El presidente de EE.UU., Barack Obama, se reunió hoy en la Casa Blanca con el príncipe heredero de Baréin, Salman bin Hamad al Jalifa, al que expresó su apoyo a los esfuerzos por abrir un diálogo nacional y subrayó la necesidad de respetar los derechos humanos.

En un comunicado, la Casa Blanca señaló que en la reunión, que no figuraba en el calendario oficial del presidente, Obama expresó su satisfacción por la decisión del rey de Baréin, Hamad bin Isa al Jalifa, de poner fin al estado de emergencia y anunciar que el diálogo nacional con la oposición sobre reformas al sistema político comenzará el mes próximo.

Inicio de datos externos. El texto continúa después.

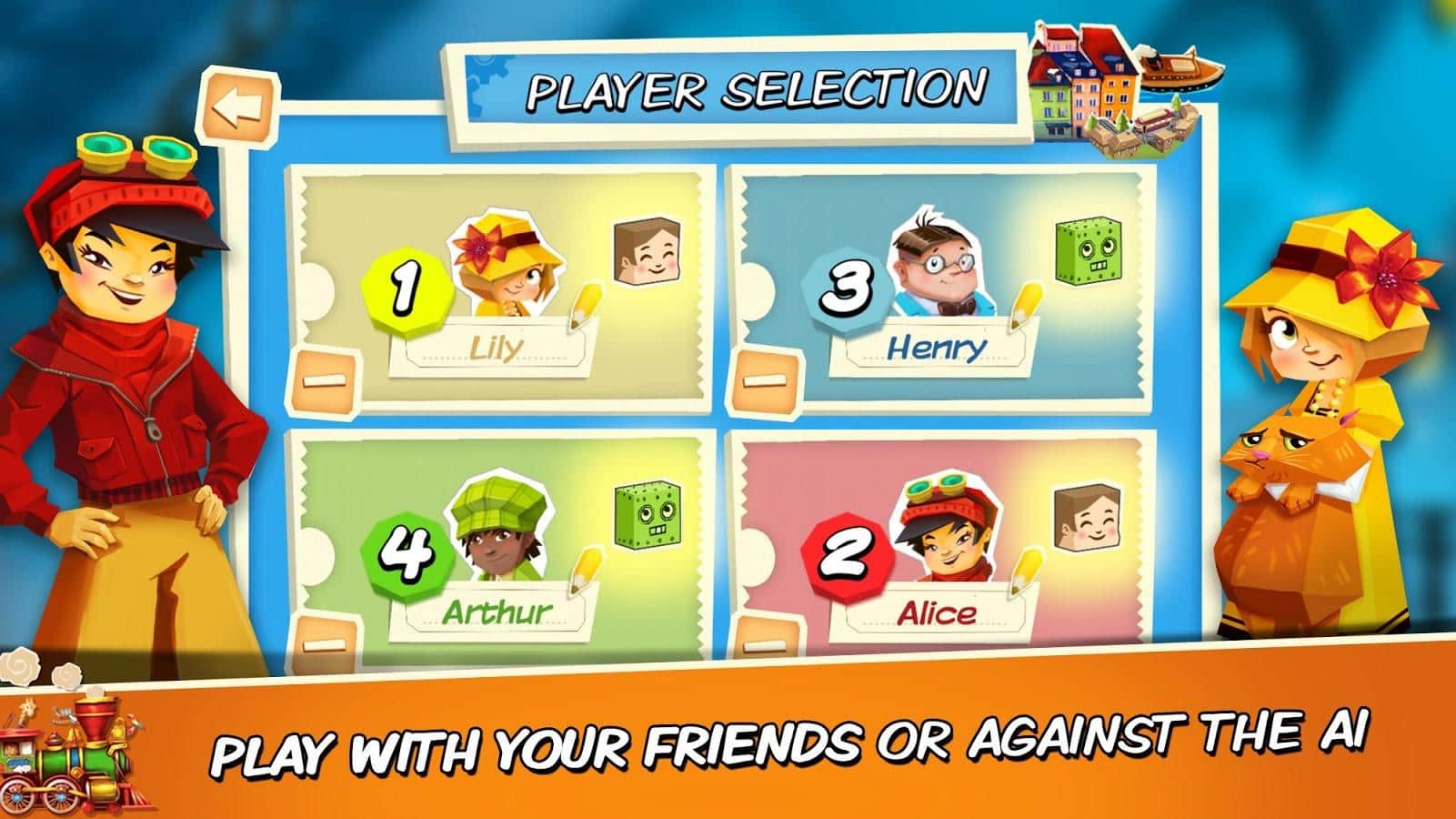 Biletle Seyahat: İlk Yolculuk – android için bir masa oyunu, burada farklı şehirlere seyahat edeceksiniz. Seyahatinize hemen başlayın ve bilet alın, haritada rotalarınızı çizin. Her bilet, birbirine bağlamanız gereken iki şehri gösterecek ve bileti tamamlayacaksınız. Rota tamamlandığında, size yeni bir bilet verilecektir. İlk olarak altı bileti kendi desteğinden tamamlayan oyuncu kazanır. Bu oyunda farklı şehirlerin tarihleri ve mimari anıtları hakkında bilgi edinin. Arkadaşlarınızla aynı anda 4 kişiye kadar oynayın veya zeki bir yapay zekaya meydan okuyun ve rotalarınızı daha hızlı tamamlamaya çalışın.

En ese diálogo, señaló Obama, tanto la oposición como el Gobierno deben comprometerse a forjar un "futuro justo para todos los bareiníes".

Para crear las condiciones necesarias que permitan el éxito de este diálogo, Obama "enfatizó la importancia de cumplir los compromisos del Gobierno de asegurarse de que los responsables de los abusos de los derechos humanos tendrán que rendir cuentas".

"La estabilidad de Baréin depende del respeto a los derechos universales del pueblo de Baréin, incluida la libertad de expresión y de reunión, y de un proceso significativo de reformas que responda a las aspiraciones de todos", indicó la Casa Blanca.

La visita se produce tras el anuncio del rey de Baréin, Hamad bin Isa al Jalifa, de levantar el estado de emergencia y anunciar un diálogo nacional sin condiciones previas para dar una salida a la crisis en el país, donde se iniciaron revueltas populares el pasado 14 de febrero.

El rey de Baréin aseguró que los resultados del diálogo, que comenzaría el 1 de julio, se presentarán a las instituciones constitucionales competentes y en base a él se celebrarán elecciones para cubrir los escaños del Parlamento que están vacantes.

El pasado 15 de febrero, el principal partido opositor, el chií Al Wifaq, anunció que suspendía su participación en el Parlamento por la dura represión de las protestas populares.

El archipiélago de Baréin, formado por 36 islas, goza de gran importancia geopolítica para EE.UU. ya que allí se encuentra ubicada su V Flota, lo que motivó que la respuesta de Washington ante la represión gubernamental de las protestas populares fuera más tibia que en otras naciones árabes.